======== LISTED RECORDS ========
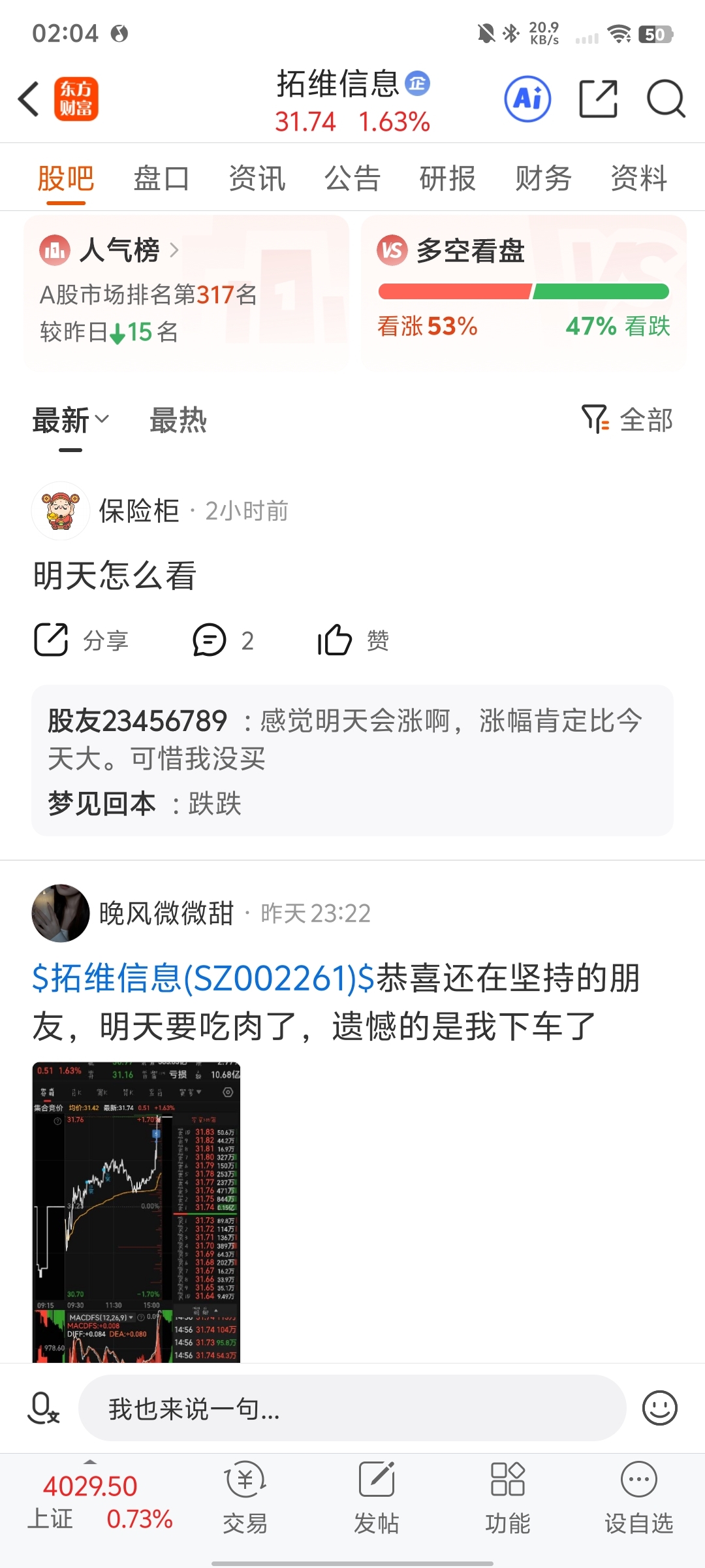 $拓维信息(SZ002261)$ 多空看法相近,说明是分歧盘,分歧有红盘和绿盘,也就是所谓的多空对弈#炒股日记#
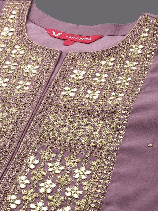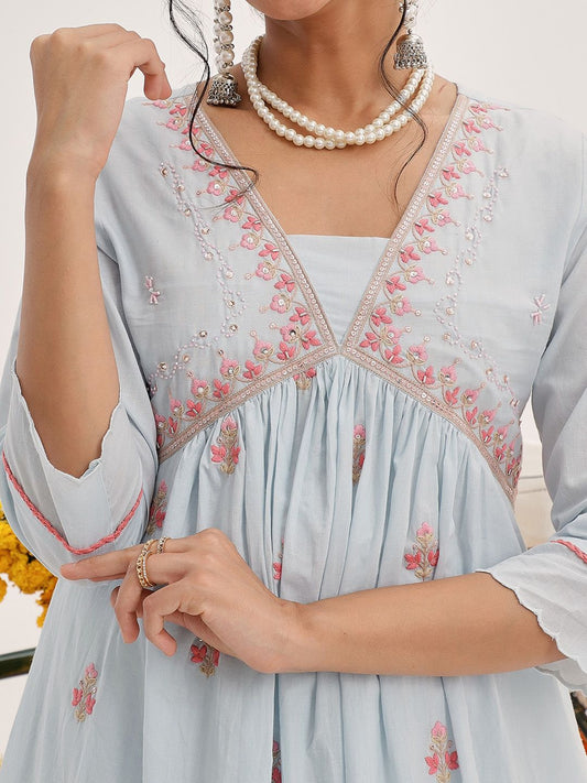 Dhiyona VA Women'sFloral Embroidered Empire Sequinned Pure Cotton Kurta & Trousers With Dupatta
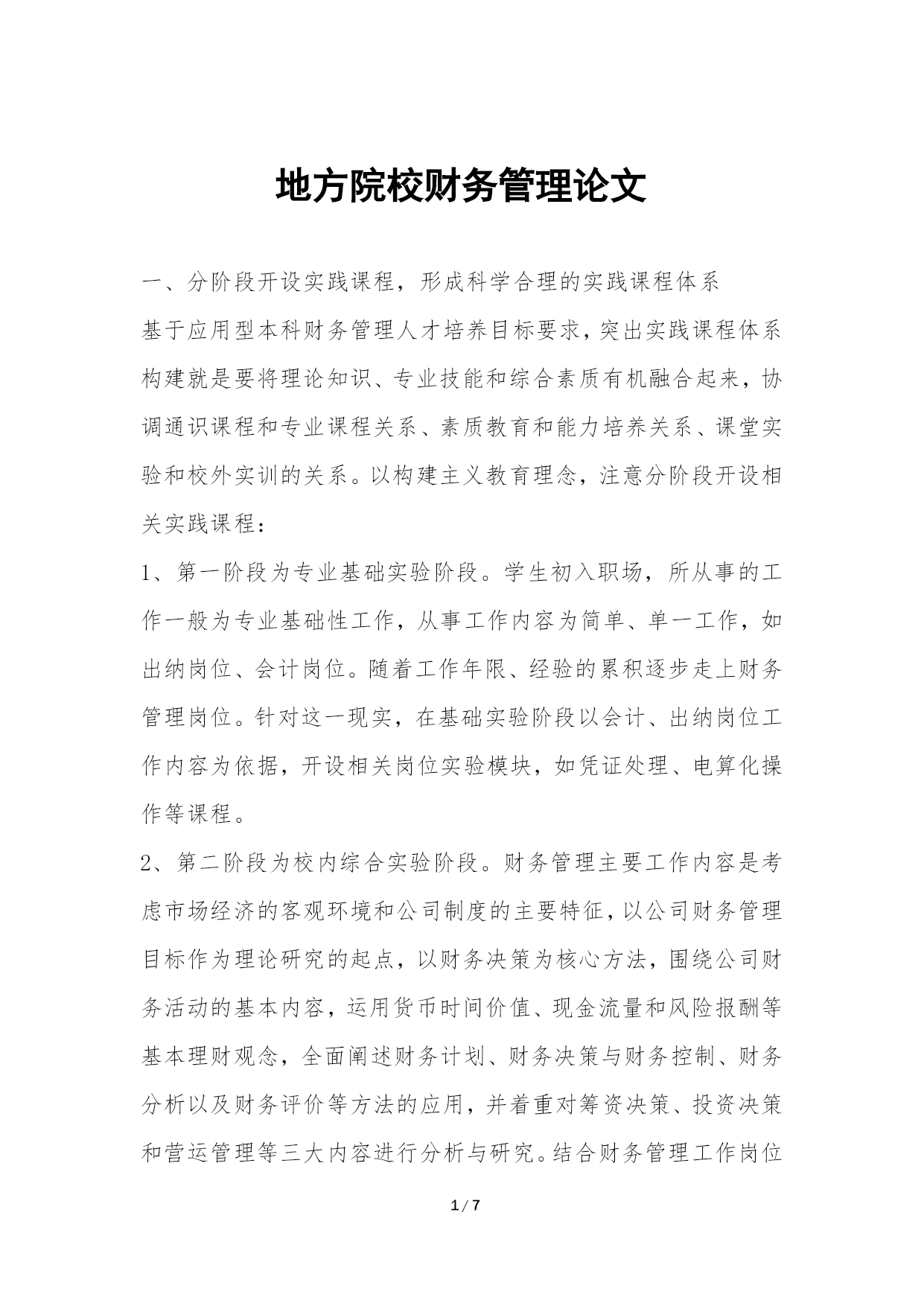 PAGE7/NUMPAGES7地方院校财务管理论文一、分阶段开设实践课程,形成科学合理的实践课程体系基于应用型本科财务管理人才培养目标要求,突出实践课程体系构建就是要将理论知识、专业技能和综合素质有机融合起来,协调通识课程和专业课程关系、素质教育和能力培养关系、课堂实验和校外实训的关系。以构建主义教育理念,注意分阶段开设相关实践课程:1、第一阶段为专业基础实验阶段。学生初入职场,所从事的工作一般为专业基础性工作,从事工作内容为简单、单一工作,如出纳岗位、会计岗位。随着工作年限、经验的累积逐步走
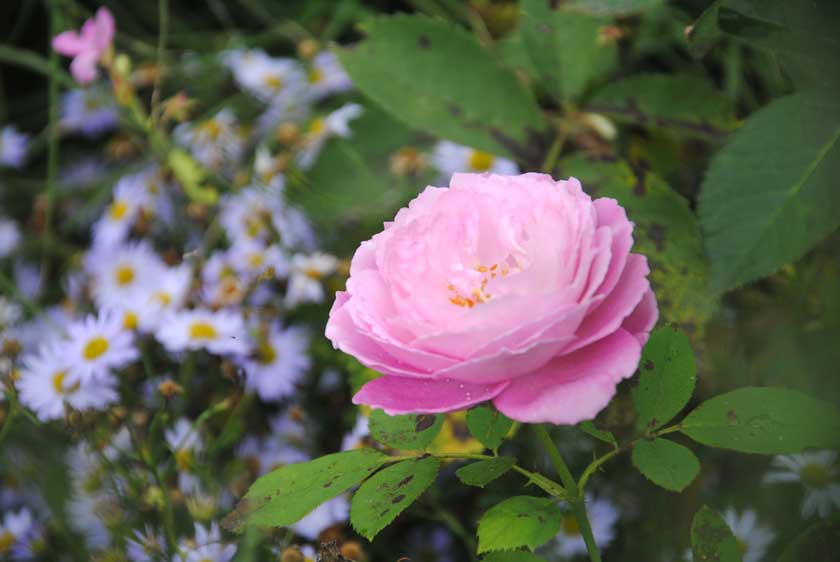 bei mir blüht Mrs.John Laing mit Kalimeris 'Blue Star'
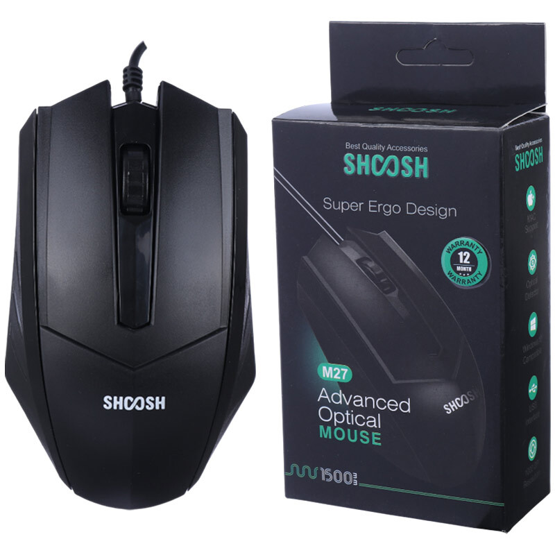 بررسی مشخصات موس باسیم Shoosh M27 با حسگر اپتیکال و دقت 1000DPI | خرید اینترنتی موس شوش مدل M27 با قیمت عمده از سایت تکنوسان
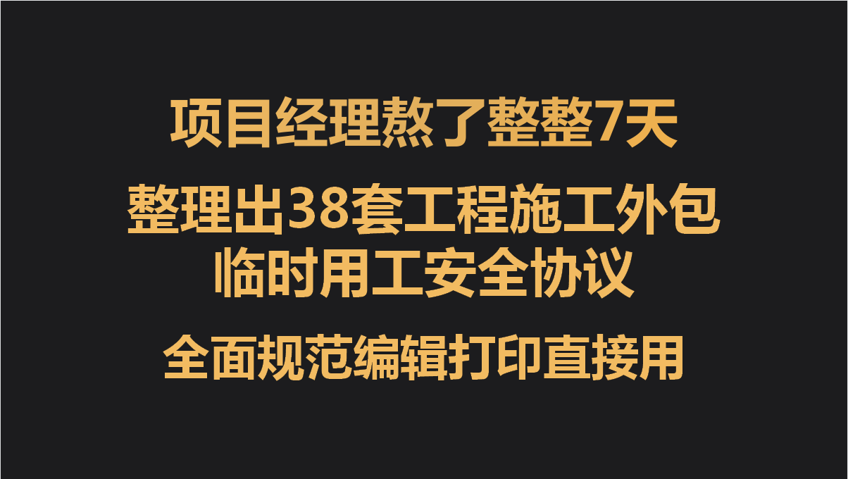 现在建筑工程行业里普遍采取的还是劳务外包的方式,存在很大的安全风险,我们项目经理熬了整整7天,整理出38套施工外包临时用工安全协议书,真牛。
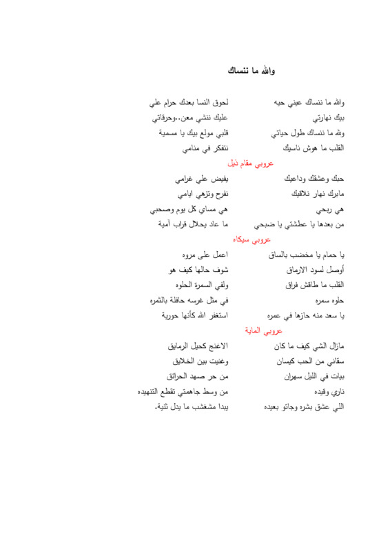 - ar يقول عنها الملحن أنها من نوع الفوندو ـ لم تسجل
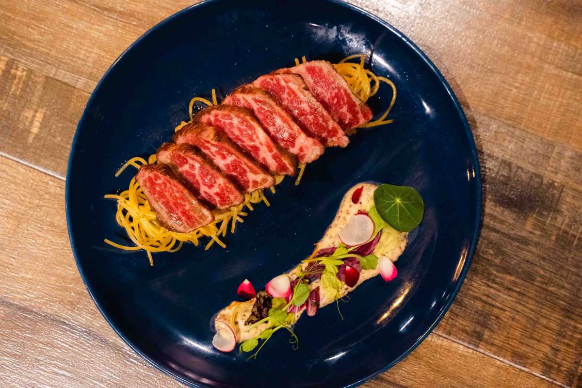 「芥香板腱嫩牛義大利麵」是清炒型義大利麵,上頭的精選牛板腱厚切1公分,油花分布均勻,七分熟的熟度讓肉質富有嚼勁;麵條Q彈不會一扯就斷,搭配旁邊的芥末籽沙拉相當清爽,仔細看會發現生菜都是平常比較少吃到的,有櫻桃蘿蔔等新鮮蔬菜!
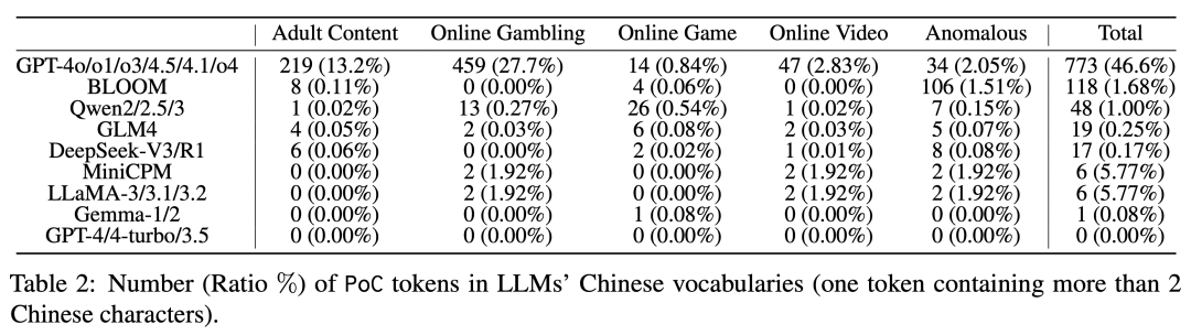 论文中把这些污染数据定义为“污染中文词元”(Polluted Chinese Tokens,简称PoC Tokens)。它们大多指向色情、网络赌博等灰色地带,像病毒一样寄生在AI的词汇库深处。
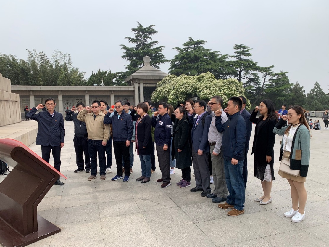 在淮海战役烈士纪念塔前,全体党员教师在学院党委书记刘虎的带领下,面对党旗庄严宣誓,重温入党誓词的庄严承诺和坚定决心。
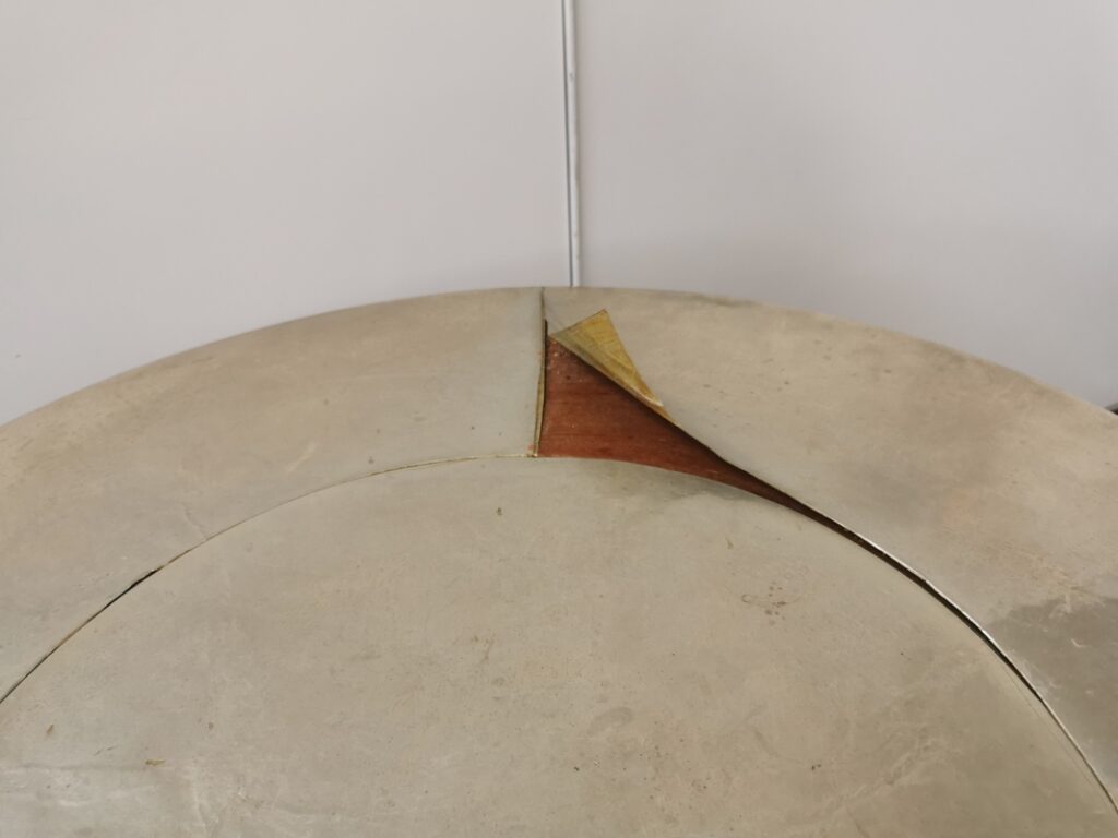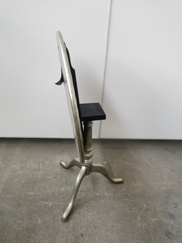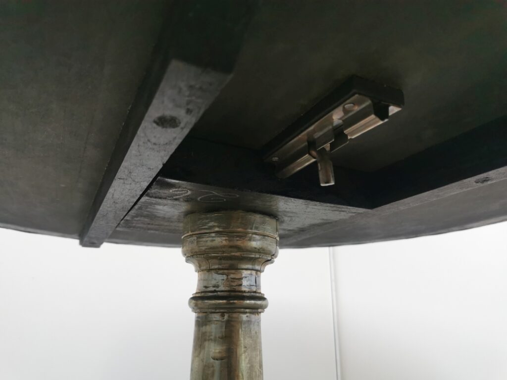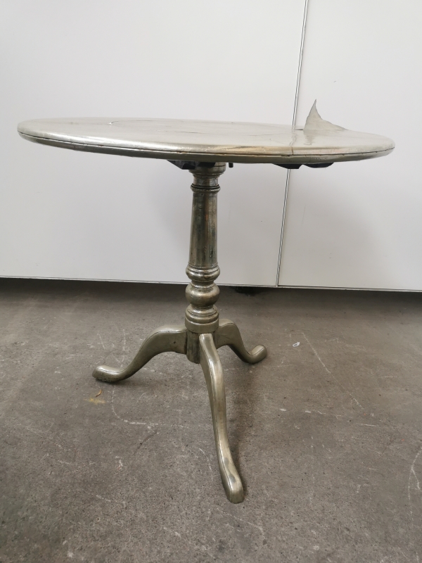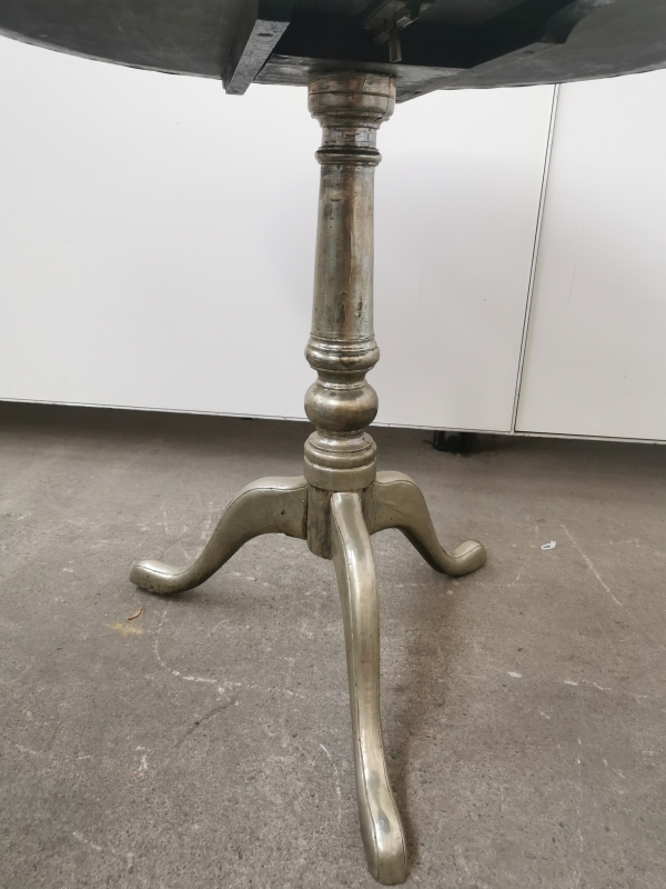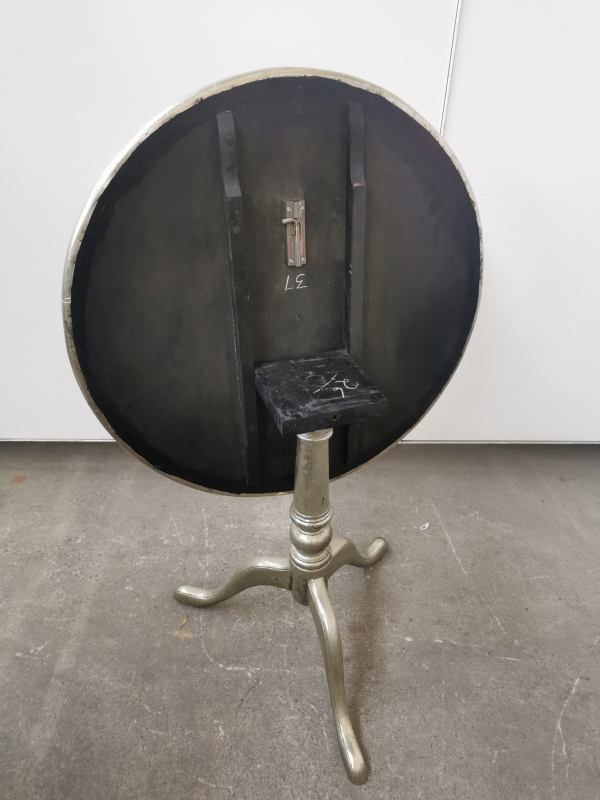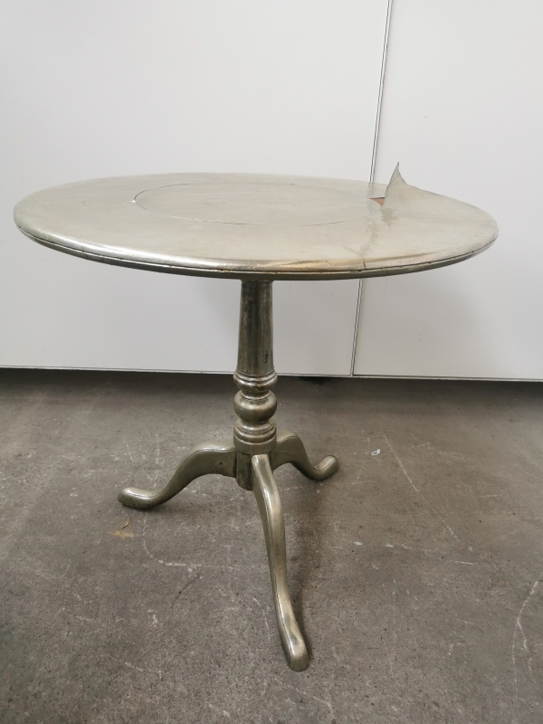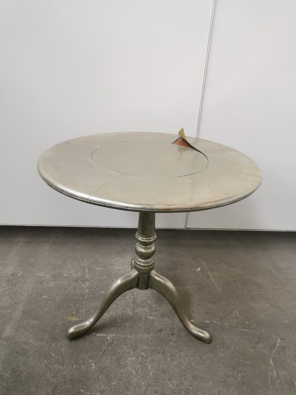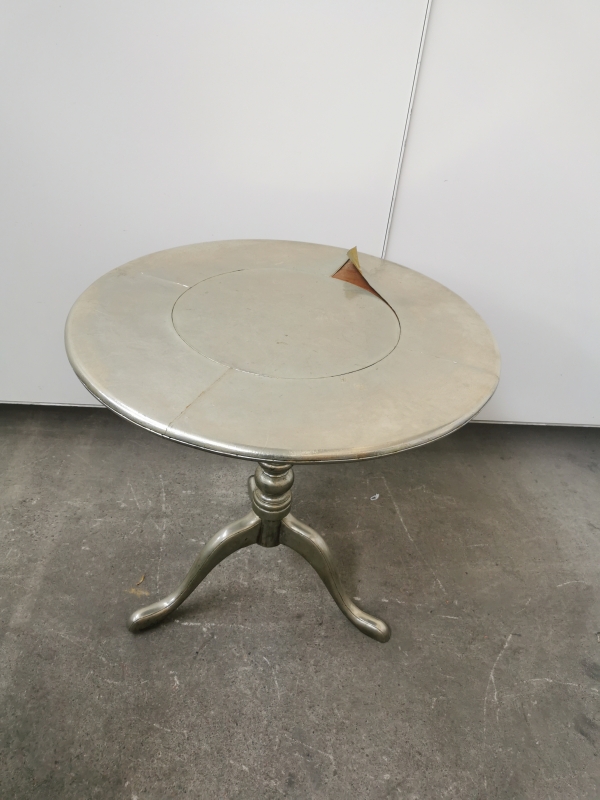 Wunderschöner runder Klapptisch mit originalem Scharniermechanismus (siehe Fotos). Die Tischplatte ist mit einer besonderen Metallfolie versehen, die dem Möbelstück einen einzigartigen Vintage-Charakter verleiht. Die Folie hat sich jedoch stellenweise gelöst – der Tisch ist daher restaurierungsbedürftig, bringt aber grosses Potenzial für Liebhaber antiker Möbel.
========
TASK REQUIREMENTS:
Could you output the full set of entries exactly, skipping every picture?

ANSWER BELOW:
 $拓维信息(SZ002261)$ 多空看法相近,说明是分歧盘,分歧有红盘和绿盘,也就是所谓的多空对弈#炒股日记#
 Dhiyona VA Women'sFloral Embroidered Empire Sequinned Pure Cotton Kurta & Trousers With Dupatta
 PAGE7/NUMPAGES7地方院校财务管理论文一、分阶段开设实践课程,形成科学合理的实践课程体系基于应用型本科财务管理人才培养目标要求,突出实践课程体系构建就是要将理论知识、专业技能和综合素质有机融合起来,协调通识课程和专业课程关系、素质教育和能力培养关系、课堂实验和校外实训的关系。以构建主义教育理念,注意分阶段开设相关实践课程:1、第一阶段为专业基础实验阶段。学生初入职场,所从事的工作一般为专业基础性工作,从事工作内容为简单、单一工作,如出纳岗位、会计岗位。随着工作年限、经验的累积逐步走
 bei mir blüht Mrs.John Laing mit Kalimeris 'Blue Star'
 بررسی مشخصات موس باسیم Shoosh M27 با حسگر اپتیکال و دقت 1000DPI | خرید اینترنتی موس شوش مدل M27 با قیمت عمده از سایت تکنوسان
 现在建筑工程行业里普遍采取的还是劳务外包的方式,存在很大的安全风险,我们项目经理熬了整整7天,整理出38套施工外包临时用工安全协议书,真牛。
 - ar يقول عنها الملحن أنها من نوع الفوندو ـ لم تسجل
 「芥香板腱嫩牛義大利麵」是清炒型義大利麵,上頭的精選牛板腱厚切1公分,油花分布均勻,七分熟的熟度讓肉質富有嚼勁;麵條Q彈不會一扯就斷,搭配旁邊的芥末籽沙拉相當清爽,仔細看會發現生菜都是平常比較少吃到的,有櫻桃蘿蔔等新鮮蔬菜!
 论文中把这些污染数据定义为“污染中文词元”(Polluted Chinese Tokens,简称PoC Tokens)。它们大多指向色情、网络赌博等灰色地带,像病毒一样寄生在AI的词汇库深处。
 在淮海战役烈士纪念塔前,全体党员教师在学院党委书记刘虎的带领下,面对党旗庄严宣誓,重温入党誓词的庄严承诺和坚定决心。
 Wunderschöner runder Klapptisch mit originalem Scharniermechanismus (siehe Fotos). Die Tischplatte ist mit einer besonderen Metallfolie versehen, die dem Möbelstück einen einzigartigen Vintage-Charakter verleiht. Die Folie hat sich jedoch stellenweise gelöst – der Tisch ist daher restaurierungsbedürftig, bringt aber grosses Potenzial für Liebhaber antiker Möbel.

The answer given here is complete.